*** Opening Given data ***
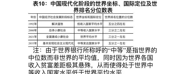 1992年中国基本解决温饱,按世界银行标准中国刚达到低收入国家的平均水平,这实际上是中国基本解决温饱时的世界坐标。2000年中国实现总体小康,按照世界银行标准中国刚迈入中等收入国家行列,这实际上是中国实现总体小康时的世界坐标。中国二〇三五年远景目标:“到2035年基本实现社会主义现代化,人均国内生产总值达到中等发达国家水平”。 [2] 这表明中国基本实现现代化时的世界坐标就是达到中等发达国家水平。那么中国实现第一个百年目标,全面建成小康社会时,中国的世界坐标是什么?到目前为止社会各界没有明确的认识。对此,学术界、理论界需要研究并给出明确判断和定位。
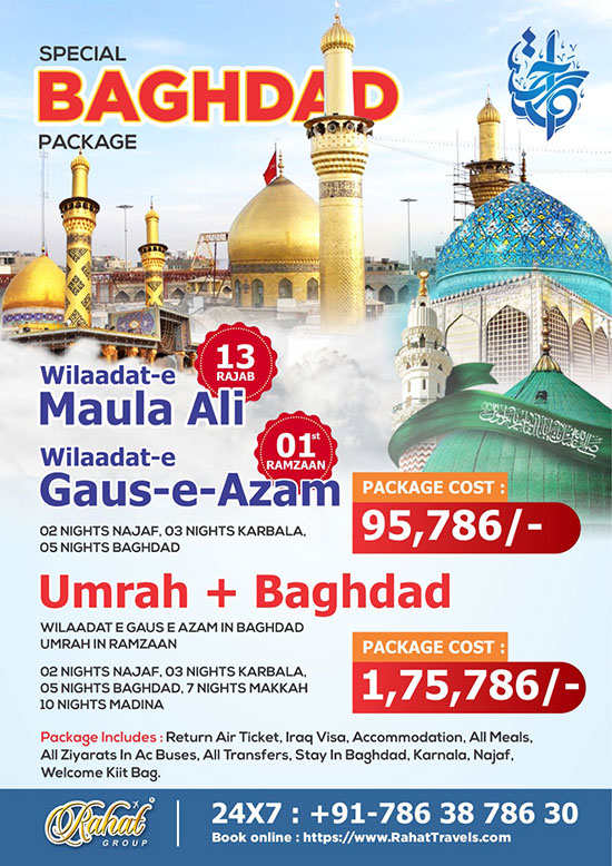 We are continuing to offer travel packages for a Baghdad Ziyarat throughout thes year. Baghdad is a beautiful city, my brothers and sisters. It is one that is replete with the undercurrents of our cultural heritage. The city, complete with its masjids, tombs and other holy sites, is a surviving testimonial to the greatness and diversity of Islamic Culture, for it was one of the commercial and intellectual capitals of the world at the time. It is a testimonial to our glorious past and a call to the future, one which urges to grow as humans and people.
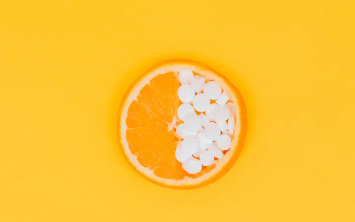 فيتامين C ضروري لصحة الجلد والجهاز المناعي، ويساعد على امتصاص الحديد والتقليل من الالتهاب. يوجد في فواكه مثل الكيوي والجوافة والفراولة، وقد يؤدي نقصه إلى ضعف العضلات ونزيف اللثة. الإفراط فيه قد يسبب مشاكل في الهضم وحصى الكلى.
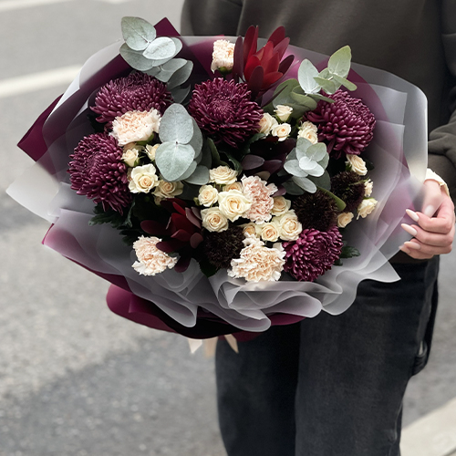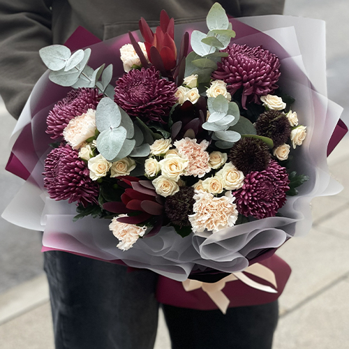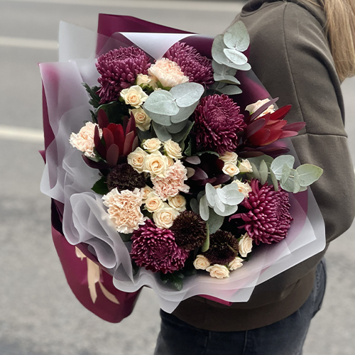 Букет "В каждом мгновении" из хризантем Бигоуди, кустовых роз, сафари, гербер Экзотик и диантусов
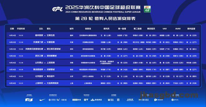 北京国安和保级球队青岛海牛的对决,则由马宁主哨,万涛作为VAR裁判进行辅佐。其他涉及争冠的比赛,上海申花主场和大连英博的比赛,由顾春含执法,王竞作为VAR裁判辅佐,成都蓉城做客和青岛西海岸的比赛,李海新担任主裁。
*** Closing Given data ***
▶ **Exercise objective**
The copy must start at the line containing "We are continuing" and end at the last line of the data, matching each line exactly. It must hold no pictures.

▶ **Answer to this problem**
 We are continuing to offer travel packages for a Baghdad Ziyarat throughout thes year. Baghdad is a beautiful city, my brothers and sisters. It is one that is replete with the undercurrents of our cultural heritage. The city, complete with its masjids, tombs and other holy sites, is a surviving testimonial to the greatness and diversity of Islamic Culture, for it was one of the commercial and intellectual capitals of the world at the time. It is a testimonial to our glorious past and a call to the future, one which urges to grow as humans and people.
 فيتامين C ضروري لصحة الجلد والجهاز المناعي، ويساعد على امتصاص الحديد والتقليل من الالتهاب. يوجد في فواكه مثل الكيوي والجوافة والفراولة، وقد يؤدي نقصه إلى ضعف العضلات ونزيف اللثة. الإفراط فيه قد يسبب مشاكل في الهضم وحصى الكلى.
 Букет "В каждом мгновении" из хризантем Бигоуди, кустовых роз, сафари, гербер Экзотик и диантусов
 北京国安和保级球队青岛海牛的对决,则由马宁主哨,万涛作为VAR裁判进行辅佐。其他涉及争冠的比赛,上海申花主场和大连英博的比赛,由顾春含执法,王竞作为VAR裁判辅佐,成都蓉城做客和青岛西海岸的比赛,李海新担任主裁。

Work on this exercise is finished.